*Your goal*:
Leaving the images out, output each entry below exactly.

......

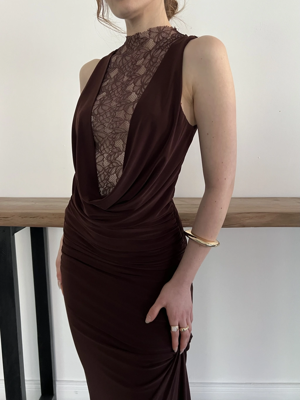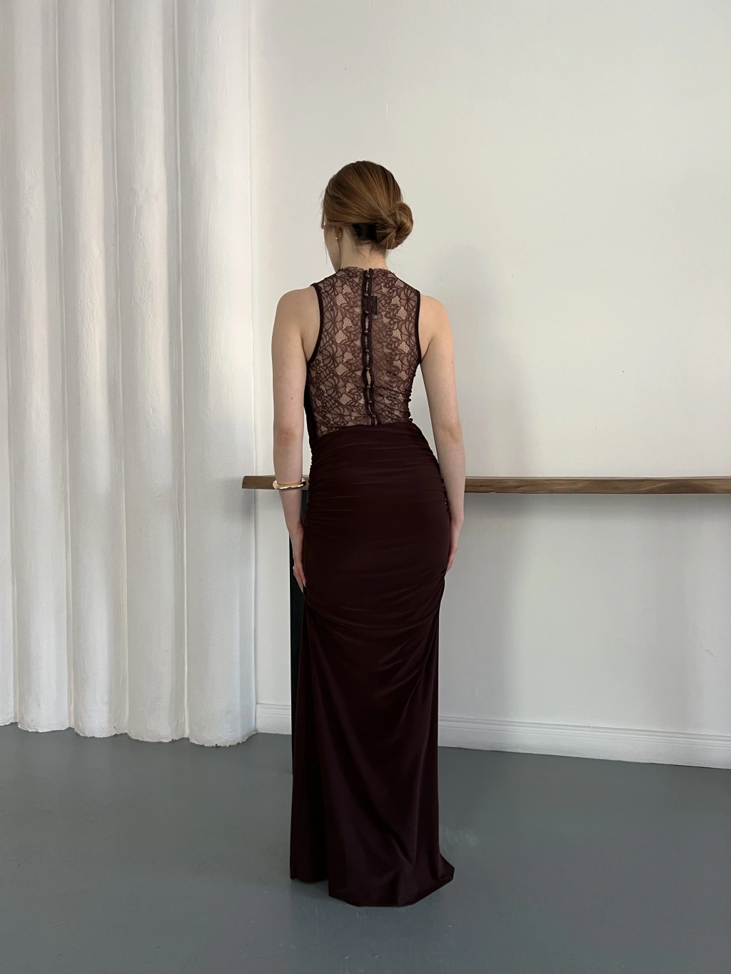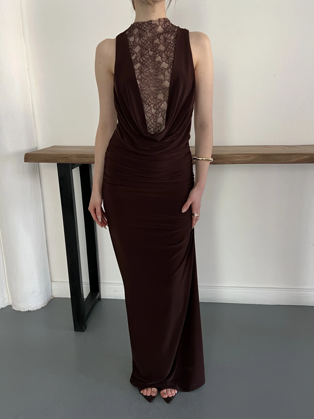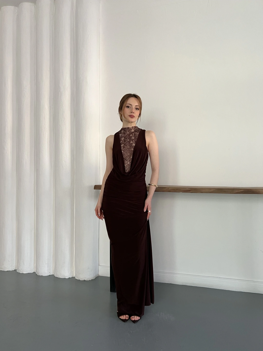Dantel Detaylı Drapeli Couture Gece Elbisesi
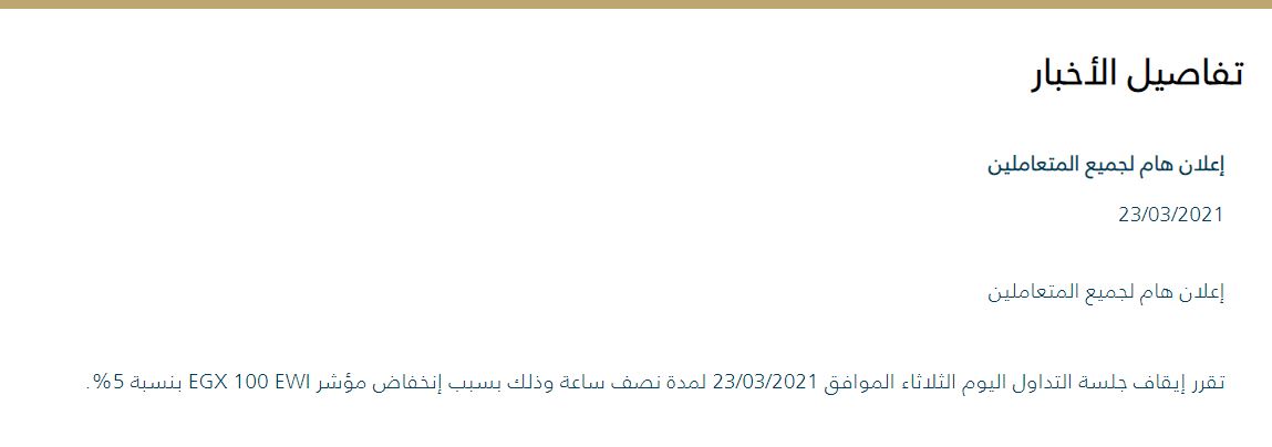 أغلق مؤشر EGX30 على تراجع جديد بنسبة 0.6% مقللا بعض خسائره خلال الجلسة، والتي شهدت إيقاف التداوللمدة نصف ساعة بعد هبوط مؤشر EGX100 EWI بنسبة 5%. وبلغ إجمالي قيم التداول خلال الجلسة 1.1 مليار جنيه (32.1% فوق المتوسط على مدى الـ 90 يوما الماضية)، مرتفعا عن تداولات أمس التي بلغت 940 مليون جنيه. وجاء المستثمرون المصريون وحدهم كصافي مشترين بختام الجلسة، بعد أن تأثروا في بدايتها بنداءات هامش مكثفة.
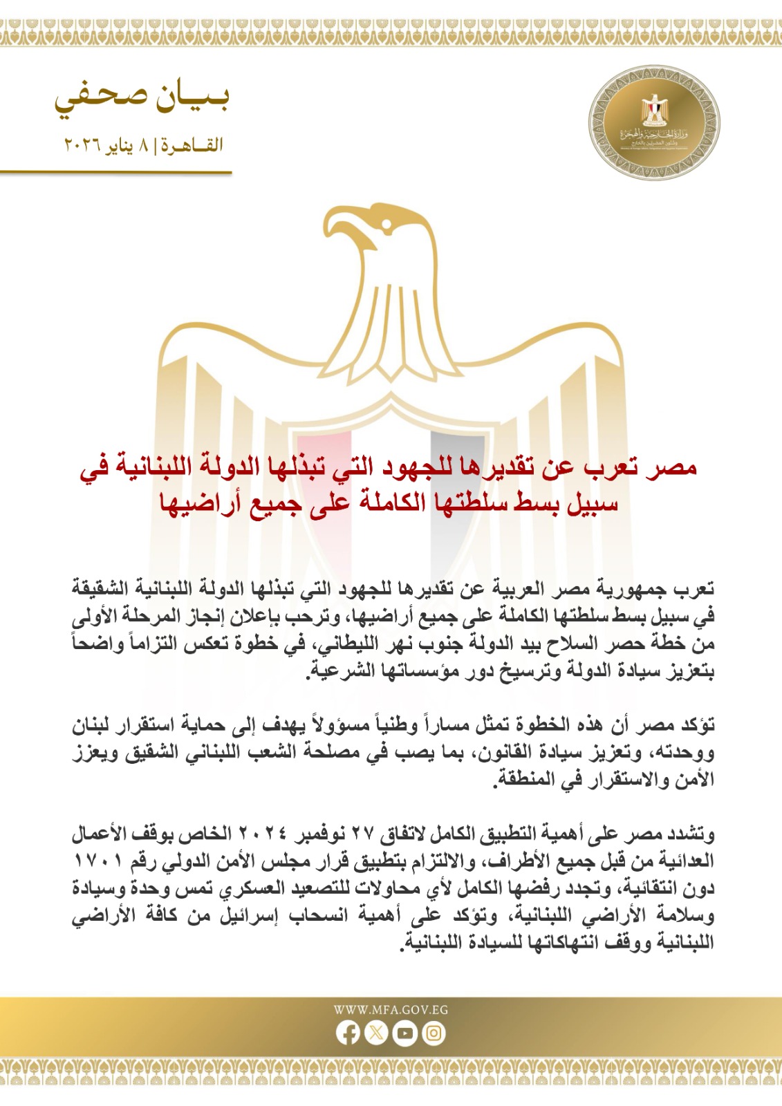 أعربت جمهورية مصر العربية عن تقديرها للجهود التي تبذلها الدولة اللبنانية الشقيقة في سبيل بسط سلطتها الكاملة على جميع أراضيها، وترحب بإعلان إنجاز المرحلة الأولى خطة حصر السلاح بيد الدولة جنوب نهر الليطاني، في خطوة تعكس التزاماً واضحاً بتعزيز سيادة الدولة وترسيخ دور مؤسساتها الشرعية.
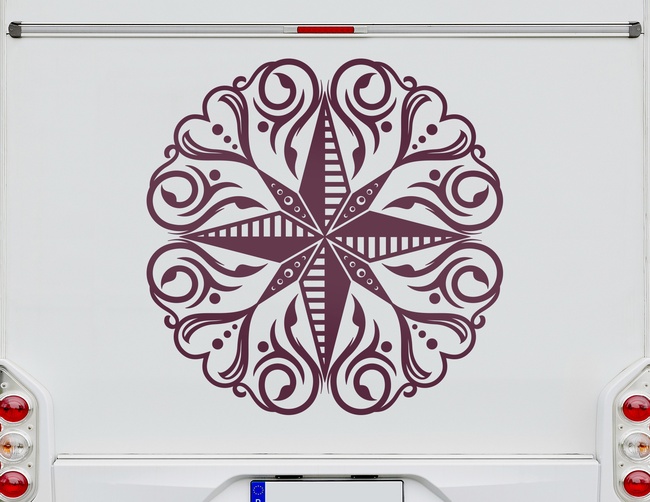 Wohin geht es auf der Tour? Nach Norden oder nach Osten? Nach Süden oder nach Westen? Die Windrose gibt Orientierung und dient zugleich als schöne Dekoration auf Camper, Van oder WoMo. Im Stile eines fernöstlichen Mandalas schmückt der Autoaufkleber Windrose Mandala Circle das Heck, Dach oder die Seiten des Fahrzeugs. Eine Windrose für Individualisten und spirituelle Menschen.
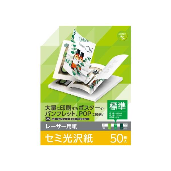 - 送料規定・納期はこちらでご確認下さい。【主な特長】レーザープリンタやコピー機で使える両面印刷可能なセミ光沢紙です。半光沢で上品な印象に仕上がるので企画書などのビジネス用途はもちろんポスターやカタログ印刷にも最適です。使いやすい標準的な厚みタイプです。■各社レーザープリンタ、複合機、コピー機に対応した専用紙です。 ■厚さ0.13mmの標準タイプで大量に印刷するポスターやパンフレット、POPなどに最適です。 ■専用紙ならではの再現性でオフセット印刷のような仕上がりが実現できます。 ■濃淡ムラを抑え、文字や写真が綺麗に表現できます。 ■反射を抑えたセミ光沢タイプで、両面に印刷できます。 ■自社環境認定基準を1つ以上満たし、『THINK ECOLOGY』マークを表示した製品です。 ■環境保全に取り組み、製品の包装容器が紙・ダンボール・ポリ袋のみで構成されている製品です。■用紙サイズ:A4サイズ(210mm×297mm) ■用紙枚数:50枚入り ■用紙タイプ:レーザープリンタ専用紙(セミ光沢、標準、両面) ■白色度:86% ■紙厚:0.13mm ■坪量:157g/m2 ■お探しNo.:D355
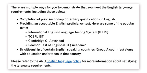 澳国立大学不再接受雅思单项重考分数的规定。但依然接受PTE Academic UKVI和雅思UKVI Academic成绩。
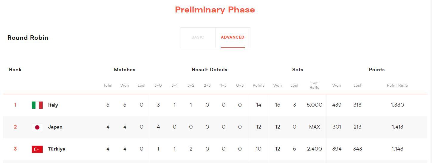 意大利女排是第二週首支贏球的球隊,所以意大利女排完成五連勝後總積分14分登頂積分榜,目前也就意大利、土耳其、波蘭三支球隊全勝,意大利女排作爲世界第一是真的很強悍。
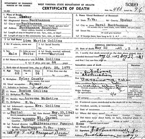 Jul-28-2018Husband: Larmar Martin Collins Born: Apr-28-1875 in Tyler Co, WV 1,2 Died: May-22-1943 in Buckhannon, Upshur Co, WV 3 Buried: in Mt. Carmel Cemetery, Tallmansville, Upshur Co, WV 1 Resided: near Buckhannon, Upshur Co, WV 1 Census: 1900 in Southwest District, Doddridge Co, WV (see note 1) Census: 1880 in Centerville District, Tyler Co, WV Occupation: farmer 1 Father: Henry Benton Collins (1845 - 1913) Mother: Emily Laverna McIntyre (1851 - 1919)
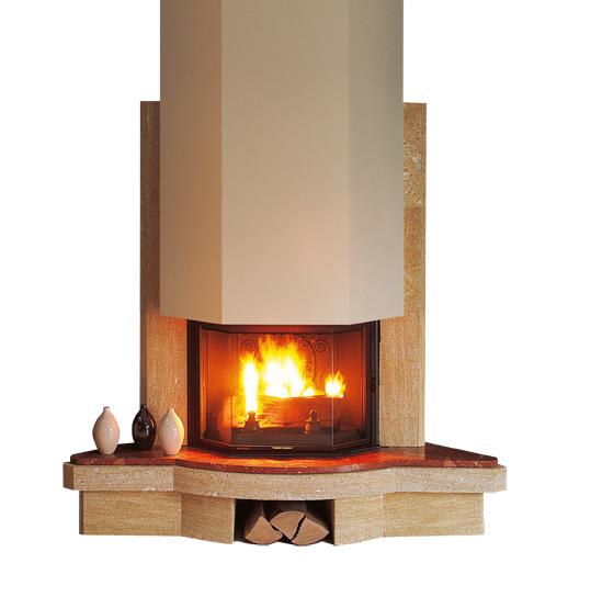 Traverten taşı kaplama ve granit alt tabla ile prizmatik şömine tasarımı
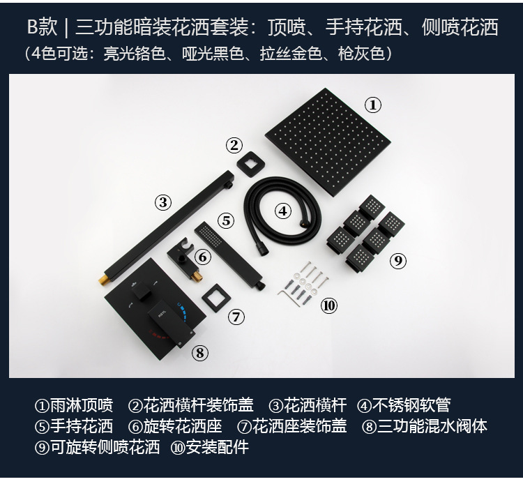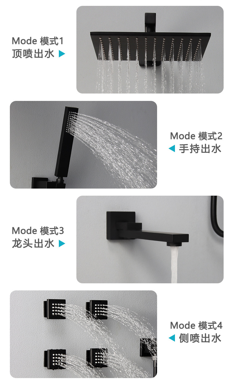 • 블랙 은폐 3 단 측면 스프레이 10 인치 상단 스프레이
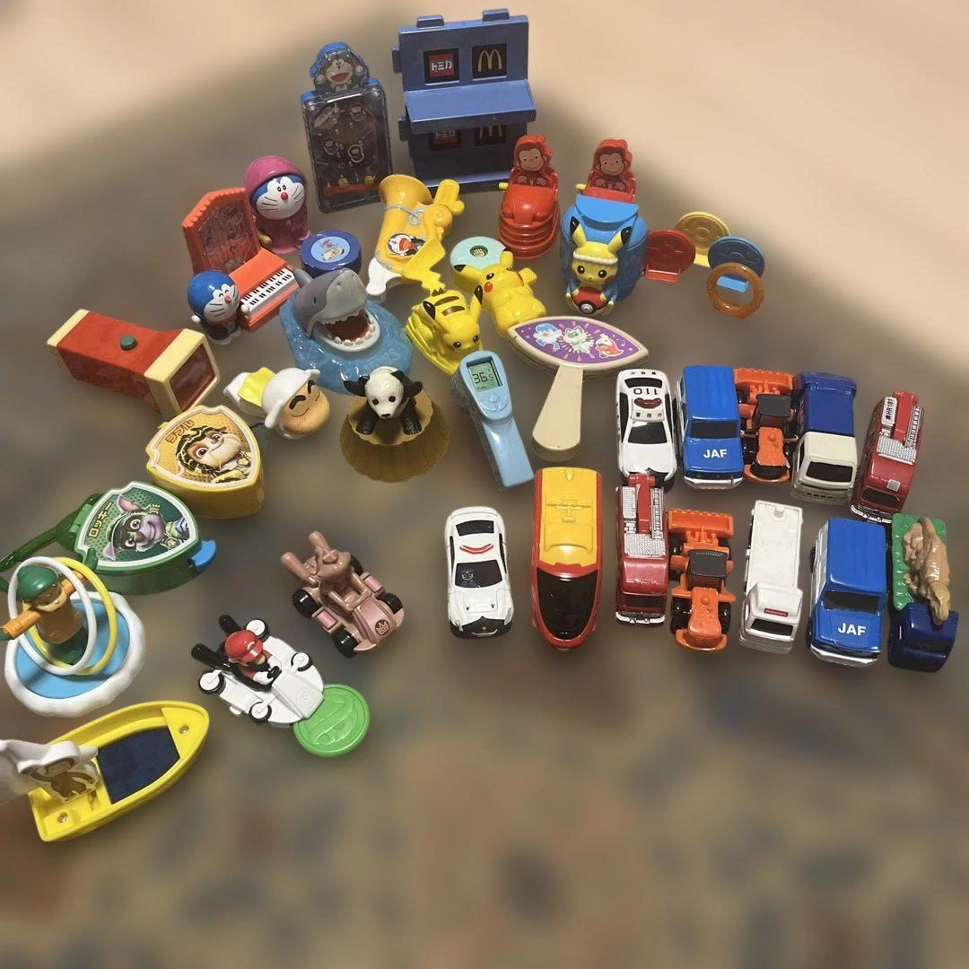 多彩なキャラクターが揃ったハッピーセットのおもちゃセットです。お子様の遊びにいかがでしょうか。 トミカ、プラレールは子供がシールを貼ったものや、シールが紛失して貼っていないものもあります。 ポケモンのうちわは、型紙を捨ててしまいお好きな型紙を入れていただければまたうちわとして使用できるかと思います。 ジョーズの歯が1本埋まって出てこ なくなってしまっています。 ご希望の方はお気軽にご連絡ください。

......

*Solution*:
Dantel Detaylı Drapeli Couture Gece Elbisesi
 أغلق مؤشر EGX30 على تراجع جديد بنسبة 0.6% مقللا بعض خسائره خلال الجلسة، والتي شهدت إيقاف التداوللمدة نصف ساعة بعد هبوط مؤشر EGX100 EWI بنسبة 5%. وبلغ إجمالي قيم التداول خلال الجلسة 1.1 مليار جنيه (32.1% فوق المتوسط على مدى الـ 90 يوما الماضية)، مرتفعا عن تداولات أمس التي بلغت 940 مليون جنيه. وجاء المستثمرون المصريون وحدهم كصافي مشترين بختام الجلسة، بعد أن تأثروا في بدايتها بنداءات هامش مكثفة.
 أعربت جمهورية مصر العربية عن تقديرها للجهود التي تبذلها الدولة اللبنانية الشقيقة في سبيل بسط سلطتها الكاملة على جميع أراضيها، وترحب بإعلان إنجاز المرحلة الأولى خطة حصر السلاح بيد الدولة جنوب نهر الليطاني، في خطوة تعكس التزاماً واضحاً بتعزيز سيادة الدولة وترسيخ دور مؤسساتها الشرعية.
 Wohin geht es auf der Tour? Nach Norden oder nach Osten? Nach Süden oder nach Westen? Die Windrose gibt Orientierung und dient zugleich als schöne Dekoration auf Camper, Van oder WoMo. Im Stile eines fernöstlichen Mandalas schmückt der Autoaufkleber Windrose Mandala Circle das Heck, Dach oder die Seiten des Fahrzeugs. Eine Windrose für Individualisten und spirituelle Menschen.
 - 送料規定・納期はこちらでご確認下さい。【主な特長】レーザープリンタやコピー機で使える両面印刷可能なセミ光沢紙です。半光沢で上品な印象に仕上がるので企画書などのビジネス用途はもちろんポスターやカタログ印刷にも最適です。使いやすい標準的な厚みタイプです。■各社レーザープリンタ、複合機、コピー機に対応した専用紙です。 ■厚さ0.13mmの標準タイプで大量に印刷するポスターやパンフレット、POPなどに最適です。 ■専用紙ならではの再現性でオフセット印刷のような仕上がりが実現できます。 ■濃淡ムラを抑え、文字や写真が綺麗に表現できます。 ■反射を抑えたセミ光沢タイプで、両面に印刷できます。 ■自社環境認定基準を1つ以上満たし、『THINK ECOLOGY』マークを表示した製品です。 ■環境保全に取り組み、製品の包装容器が紙・ダンボール・ポリ袋のみで構成されている製品です。■用紙サイズ:A4サイズ(210mm×297mm) ■用紙枚数:50枚入り ■用紙タイプ:レーザープリンタ専用紙(セミ光沢、標準、両面) ■白色度:86% ■紙厚:0.13mm ■坪量:157g/m2 ■お探しNo.:D355
 澳国立大学不再接受雅思单项重考分数的规定。但依然接受PTE Academic UKVI和雅思UKVI Academic成绩。
 意大利女排是第二週首支贏球的球隊,所以意大利女排完成五連勝後總積分14分登頂積分榜,目前也就意大利、土耳其、波蘭三支球隊全勝,意大利女排作爲世界第一是真的很強悍。
 Jul-28-2018Husband: Larmar Martin Collins Born: Apr-28-1875 in Tyler Co, WV 1,2 Died: May-22-1943 in Buckhannon, Upshur Co, WV 3 Buried: in Mt. Carmel Cemetery, Tallmansville, Upshur Co, WV 1 Resided: near Buckhannon, Upshur Co, WV 1 Census: 1900 in Southwest District, Doddridge Co, WV (see note 1) Census: 1880 in Centerville District, Tyler Co, WV Occupation: farmer 1 Father: Henry Benton Collins (1845 - 1913) Mother: Emily Laverna McIntyre (1851 - 1919)
 Traverten taşı kaplama ve granit alt tabla ile prizmatik şömine tasarımı
 • 블랙 은폐 3 단 측면 스프레이 10 인치 상단 스프레이
 多彩なキャラクターが揃ったハッピーセットのおもちゃセットです。お子様の遊びにいかがでしょうか。 トミカ、プラレールは子供がシールを貼ったものや、シールが紛失して貼っていないものもあります。 ポケモンのうちわは、型紙を捨ててしまいお好きな型紙を入れていただければまたうちわとして使用できるかと思います。 ジョーズの歯が1本埋まって出てこ なくなってしまっています。 ご希望の方はお気軽にご連絡ください。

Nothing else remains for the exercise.